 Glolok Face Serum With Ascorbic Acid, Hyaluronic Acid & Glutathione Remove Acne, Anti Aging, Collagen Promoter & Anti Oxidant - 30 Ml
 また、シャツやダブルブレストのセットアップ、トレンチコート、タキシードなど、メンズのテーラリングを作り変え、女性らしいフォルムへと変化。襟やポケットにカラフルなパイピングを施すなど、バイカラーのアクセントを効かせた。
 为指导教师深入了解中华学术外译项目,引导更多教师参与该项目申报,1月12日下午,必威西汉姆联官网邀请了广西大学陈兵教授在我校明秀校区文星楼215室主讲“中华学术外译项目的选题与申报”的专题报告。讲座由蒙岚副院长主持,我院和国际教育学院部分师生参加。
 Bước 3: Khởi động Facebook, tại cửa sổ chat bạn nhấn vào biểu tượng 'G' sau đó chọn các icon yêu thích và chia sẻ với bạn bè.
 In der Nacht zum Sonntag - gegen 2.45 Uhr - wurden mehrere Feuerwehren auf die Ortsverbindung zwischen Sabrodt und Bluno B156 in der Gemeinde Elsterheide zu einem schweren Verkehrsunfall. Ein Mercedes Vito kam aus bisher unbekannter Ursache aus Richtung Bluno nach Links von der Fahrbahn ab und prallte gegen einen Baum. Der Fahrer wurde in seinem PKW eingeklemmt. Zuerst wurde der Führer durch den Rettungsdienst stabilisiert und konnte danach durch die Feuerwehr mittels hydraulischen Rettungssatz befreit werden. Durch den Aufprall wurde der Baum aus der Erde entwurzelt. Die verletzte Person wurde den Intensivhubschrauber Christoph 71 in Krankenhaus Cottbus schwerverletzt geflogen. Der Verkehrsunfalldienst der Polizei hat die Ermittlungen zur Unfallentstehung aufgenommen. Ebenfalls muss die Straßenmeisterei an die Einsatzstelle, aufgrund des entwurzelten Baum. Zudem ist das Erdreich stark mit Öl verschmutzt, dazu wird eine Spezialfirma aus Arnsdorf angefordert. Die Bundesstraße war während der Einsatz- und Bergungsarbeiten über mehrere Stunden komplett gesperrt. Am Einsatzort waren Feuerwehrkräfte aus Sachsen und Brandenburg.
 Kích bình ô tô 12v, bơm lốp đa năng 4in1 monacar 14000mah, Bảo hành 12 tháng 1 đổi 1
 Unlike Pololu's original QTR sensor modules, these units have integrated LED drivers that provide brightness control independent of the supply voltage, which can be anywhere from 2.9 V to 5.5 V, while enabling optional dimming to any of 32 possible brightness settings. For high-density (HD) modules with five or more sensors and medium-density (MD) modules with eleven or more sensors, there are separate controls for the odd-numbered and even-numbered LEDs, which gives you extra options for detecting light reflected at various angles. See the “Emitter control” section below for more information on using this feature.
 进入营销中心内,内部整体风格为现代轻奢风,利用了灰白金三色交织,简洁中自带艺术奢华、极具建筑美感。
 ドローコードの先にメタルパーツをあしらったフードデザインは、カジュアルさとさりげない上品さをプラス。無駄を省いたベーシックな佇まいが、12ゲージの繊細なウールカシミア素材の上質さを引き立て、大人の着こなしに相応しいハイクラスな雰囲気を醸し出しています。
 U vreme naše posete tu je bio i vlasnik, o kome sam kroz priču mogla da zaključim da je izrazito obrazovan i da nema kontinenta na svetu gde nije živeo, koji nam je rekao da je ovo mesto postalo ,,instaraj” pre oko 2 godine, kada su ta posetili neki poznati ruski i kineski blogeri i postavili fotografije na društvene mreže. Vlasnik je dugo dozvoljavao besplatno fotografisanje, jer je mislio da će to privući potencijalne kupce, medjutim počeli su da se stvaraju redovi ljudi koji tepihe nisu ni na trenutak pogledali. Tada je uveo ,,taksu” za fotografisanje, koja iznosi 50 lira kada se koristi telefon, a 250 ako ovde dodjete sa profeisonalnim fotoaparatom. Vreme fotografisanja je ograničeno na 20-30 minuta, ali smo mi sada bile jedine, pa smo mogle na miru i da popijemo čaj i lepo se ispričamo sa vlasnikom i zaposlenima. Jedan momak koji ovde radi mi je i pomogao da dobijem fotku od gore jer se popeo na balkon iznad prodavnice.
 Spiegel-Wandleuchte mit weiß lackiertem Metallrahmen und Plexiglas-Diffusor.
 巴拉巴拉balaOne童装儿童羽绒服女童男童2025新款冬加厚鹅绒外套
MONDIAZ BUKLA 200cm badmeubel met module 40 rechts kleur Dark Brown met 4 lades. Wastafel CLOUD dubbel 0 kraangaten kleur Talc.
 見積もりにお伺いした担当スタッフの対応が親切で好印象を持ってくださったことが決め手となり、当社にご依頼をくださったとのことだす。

^^^^

* [THE TASK] Once you find the line with "进入营销中心内,内部整体风格" in the entries above, output it and each line after it up to and including the line with "ドローコードの先にメタルパー", and nothing else.

* [RESULT FOR THIS TASK]
 进入营销中心内,内部整体风格为现代轻奢风,利用了灰白金三色交织,简洁中自带艺术奢华、极具建筑美感。
 ドローコードの先にメタルパーツをあしらったフードデザインは、カジュアルさとさりげない上品さをプラス。無駄を省いたベーシックな佇まいが、12ゲージの繊細なウールカシミア素材の上質さを引き立て、大人の着こなしに相応しいハイクラスな雰囲気を醸し出しています。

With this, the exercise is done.